Open croemmich opened 9 years ago
Well, unlike ntpd timesyncd will only use one upstream server instead of ntpd's 4. You can try configuring timesyncd to use a local ntp server if you aren't already or if using a remote server pick a single one to use for all your nodes, maybe the issue is simply syncing with different reference times. Beyond that I'm not sure. We do still ship ntpd so you can switch back too.
https://coreos.com/docs/cluster-management/setup/configuring-date-and-timezone/
Thanks @marineam, I'll give your suggestions a try. I have already switched back to ntpd which solved the issues, but if timesyncd is the future of CoreOS, I'd like to get it working. However, it would be ideal if it functioned the same without additional user configuration.
Thanks. One advantage of timesyncd is being integrated with networkd so if dhcp provides a local ntp server it will be used. The issue may simply be a bug in timesyncd, it is relatively new code. If it turns out the issue is due to only using a single remote timeserver out of the default pool we may need to revisit the choice of timesyncd.
@marineam I'd prefer to not have to deploy a local ntp server. I tried specifying a single remote server for all of the nodes and they still fell out of sync. Regardless, neither option sits well with me, as my current deployment is completely HA and using a single ntp server breaks that.
Ok, I would recommend switching back to ntpd for now then. I'll dig more to see if timesyncd can be improved or if we need to change the default again. I promise ntpd will remain in the image. :)

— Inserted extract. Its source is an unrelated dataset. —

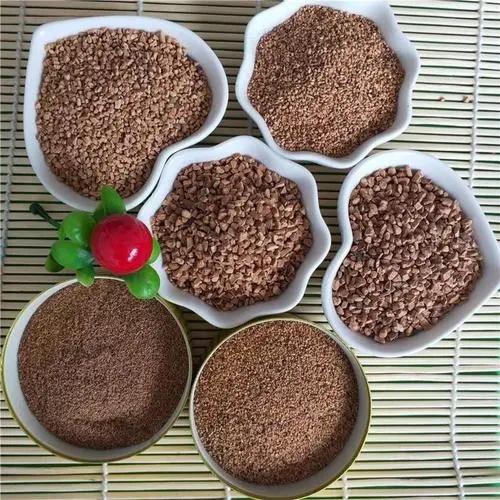 果殼濾料采用植物果殼為原料,經破碎、拋光、蒸洗、藥物處理和多次篩選加工而成。可采用的植物果殼有核桃殼、椰子殼等。果殼濾料具有耐磨、抗壓、不在酸堿性水中溶解、不腐爛、不結塊、易再生,較強的除油性能等優點,被廣泛運用在各種廢水處理(特別是含油廢水)中。果殼濾料是取代石英砂濾料來提高水質、大幅度降低水處理成本的新一代濾料。

https://coreos.com/docs/cluster-management/setup/configuring-date-and-timezone/
Cool, thanks!
(You can check if systemd-timesyncd has synchronized (assuming you are actually using it and not some other time sync server that implements the timedate DBUS interface such as chrony) by looking at the NTP synchronized: line of the timedatectl output)
@croemmich have you seen any improvement in the later versions of CoreOS?
Closing due to inactivity.
Closing due to inactivity.
If more activity is created, would this be re-opened?
@ramayer If this is still causing problems, we can reopen. What behavior are you seeing?
@bgilbert I have been running ceph on CoreOS stable for over a year now and this problem has never gone away. I just now found this issue in a web search. I can provide whatever debugging would be helpful.
As @croemmich described, systemd-timesyncd does not seem to set clocks correctly.
Like @croemmich I also switched back to ntpd (which made the problem go away) when I found this page with his workaround.
I run Deis on CoreOS and recently made the switch to 681, which swapped ntpd for systemd-timesyncd as the default time sync daemon. Deis uses a Ceph to create HA filesystem within the cluster. Ceph has an expectation that times within the cluster are very close, see: http://ceph.com/docs/master/rados/troubleshooting/troubleshooting-mon/#clock-skews.
Before the switch, Ceph never reported any issues, but after the switch 2/3 of my Ceph monitors were reporting clock skew issues. I verified that systemd-timesyncd was indeed running, but I couldn't find any indication of when/how it was syncing.
Is there a difference in the way systemd-timesyncd works, does it sync less frequently, is it just less accurate, or is there something I need to configure to get the nodes more in sync?